T. Ito, A. Aziz, A. E. Murray, S. Younan, J. DiNorcia III, V. G. Agopian, H. Yersiz, D. G. Farmer, R. W. Busuttil, F. M. Kaldas

The Dumont-UCLA Transplant Center, UCLA, Los Angeles, CA

Meeting: 2020 American Transplant Congress

Abstract number: D-133

Keywords: High-risk

Session Information

Session Name: Poster Session D: Liver: Recipient Selection

Session Type: Poster Session

Date: Saturday, May 30, 2020

Session Time: 3:15pm-4:00pm

 Presentation Time: 3:30pm-4:00pm

Location: Virtual

*Purpose: Increasing transplant candidate acuity has resulted in more patients requiring perioperative intensive care and mechanical ventilation prior to liver transplantation (LT). However, studies on outcomes of LT recipients requiring intubation before LT remain limited. We assessed the outcomes after LT in this challenging patient population.

*Methods: Patients were analyzed based on Pre-LT mechanical ventilation requirement. Kaplan-Meier survival curves were generated, and differences in survival rates were analyzed using the Log rank test. Multivariate logistic regression identified risk factors for pulmonary complications (778 adult primary LTs, retrospective, Mar. 2013 to Dec. 2018, single center).

*Results: Of 778 patients, 180 patients (23%) required pre-LT intubation (Fig. A). Pre-LT intubated recipients had significantly higher MELD (41 vs 30, p<0.001), higher rates dialysis (94 vs 38 %, p<0.001) and vasopressor requirement (81 vs 19 %, p<0.001) compared to those in pre-LT non-intubation group. Patients in the pre-LT intubation group had a significantly longer length of post-LT intubation (4 vs 2 days, p<0.001), post-LT hospital stay (51 vs 22 days, p<0.001), a higher incidence of re-intubation within 6 months (44 vs 21 %, p<0.001), and tracheostomy (21 vs 4 %, p<0.001). Interestingly, there were no differences in patient survival between the two groups (5-y: 76 vs 77 %, p=0.159). Pre-LT intubated patients who developed pulmonary complications (re-intubation, post-intubation≥7days, or tracheostomy) (n=101) had significantly inferior survival compared to pre-LT intubation patients without pulmonary complications (n=71) (p=0.002) (Fig. C). Multivariate analysis identified pre-LT vasopressor requirement (p=0.016), pre-LT intubation for ≥7days (p=0.031), and low PaO2/FiO2 (PF) ratio (<300) (p=0.007) as independent risk factors for those complications. Addition of multiple risk factors significantly correlated with increased incidence of post-LT pulmonary complications (p<0.001) (Fig. D)

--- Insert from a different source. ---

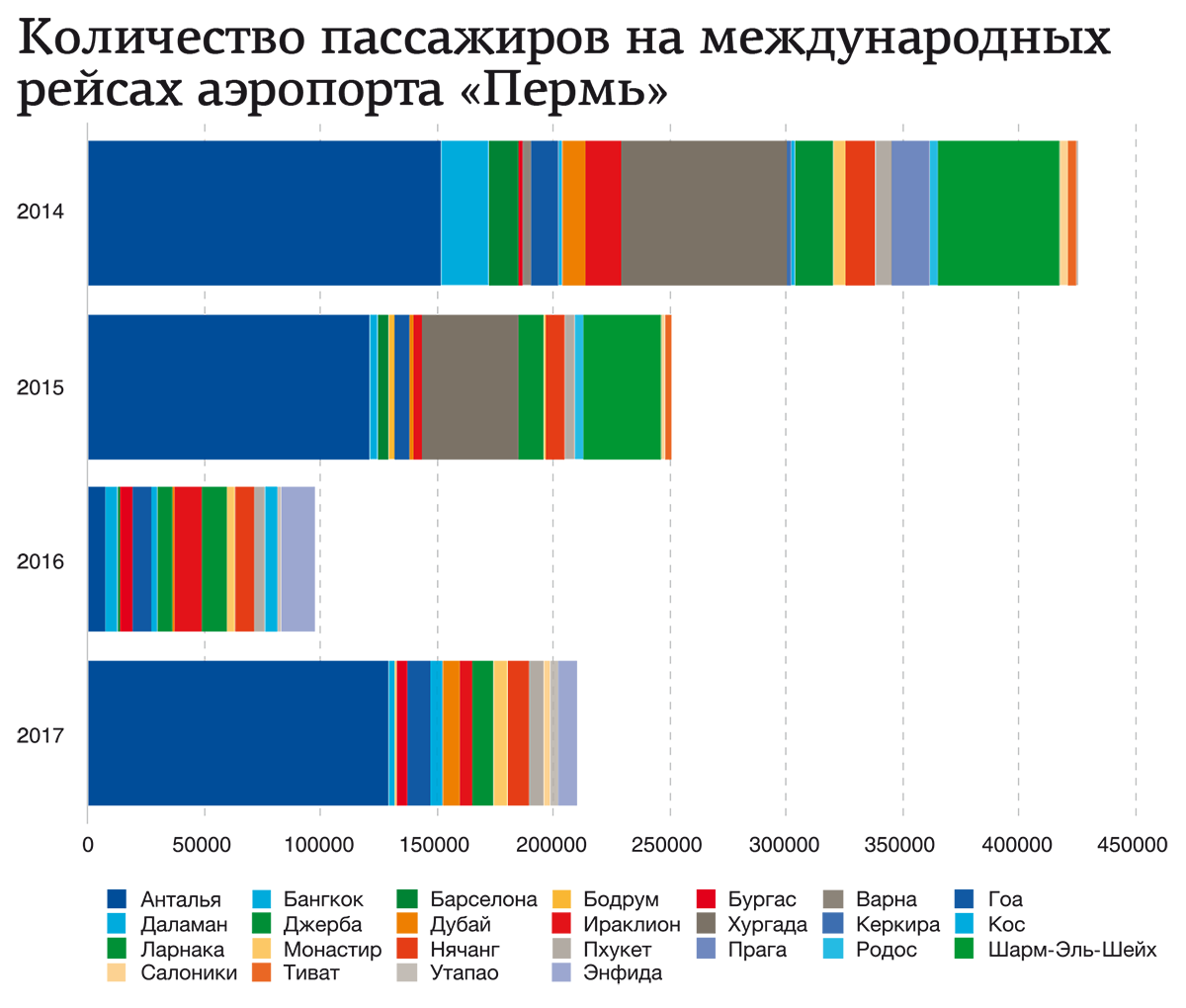 Чартерные цепочки из Перми в Таиланд и Вьетнам закончились 9 апреля. Вылеты откроются только в октябре. Участники рынка сообщили, что на предстоящее лето чартерные программы из Перми планируются в Турцию, Болгарию, на Кипр, в Тунис, Грецию (остров Крит), Сочи и Крым. По всем остальным направлениям — только регулярные перевозки. В этом году из Перми нет чартера в Испанию, поскольку в предыдущие два года продажи были очень плохими. Грецию (Халкидики) в прошлом году турфирмы «закрывали» с большими проблемами, поэтому на континентальную часть этого полуострова нынче чартеров нет. Убрали из чартерной программы Родос, также за неимением спроса.

*Conclusions: This represents one of the largest single center series examining the impact of pre-LT mechanical ventilation on outcomes. While pre-LT intubation did not impact survival, pre-LT intubated patients had longer length of hospital stay, and more pulmonary complications. We identified pre-LT vasopressor requirement, Pre-LT intubation ≥7days, and low P/F ratio as risk factors for pulmonary complications. Careful consideration of these factors may aid in patient selection and management.

 border=

  • Tweet
  • Email
  • Print

To cite this abstract in AMA style:

Ito T, Aziz A, Murray AE, Younan S, III JDiNorcia, Agopian VG, Yersiz H, Farmer DG, Busuttil RW, Kaldas FM. Liver Transplantation in Patients Requiring Pre-Transplant Mechanical Ventilation [abstract]. Am J Transplant. 2020; 20 (suppl 3). https://atcmeetingabstracts.com/abstract/liver-transplantation-in-patients-requiring-pre-transplant-mechanical-ventilation/. Accessed May 11, 2025.

« Back to 2020 American Transplant Congress

Visit Our Partner Sites

American Transplant Congress (ATC)

Visit the official site for the American Transplant Congress »

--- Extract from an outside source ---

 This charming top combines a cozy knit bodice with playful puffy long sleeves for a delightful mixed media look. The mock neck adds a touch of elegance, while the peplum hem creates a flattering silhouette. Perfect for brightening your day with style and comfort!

American Journal of Transplantation

The official publication for the American Society of Transplantation (AST) and the American Society of Transplant Surgeons (ASTS) »

American Society of Transplantation (AST)

An organization of more than 3000 professionals dedicated to advancing the field of transplantation. »

American Society of Transplant Surgeons (ASTS)

The society represents approximately 1,800 professionals dedicated to excellence in transplantation surgery. »

Copyright © 2013-2025 by American Society of Transplantation and the American Society of Transplant Surgeons. All rights reserved.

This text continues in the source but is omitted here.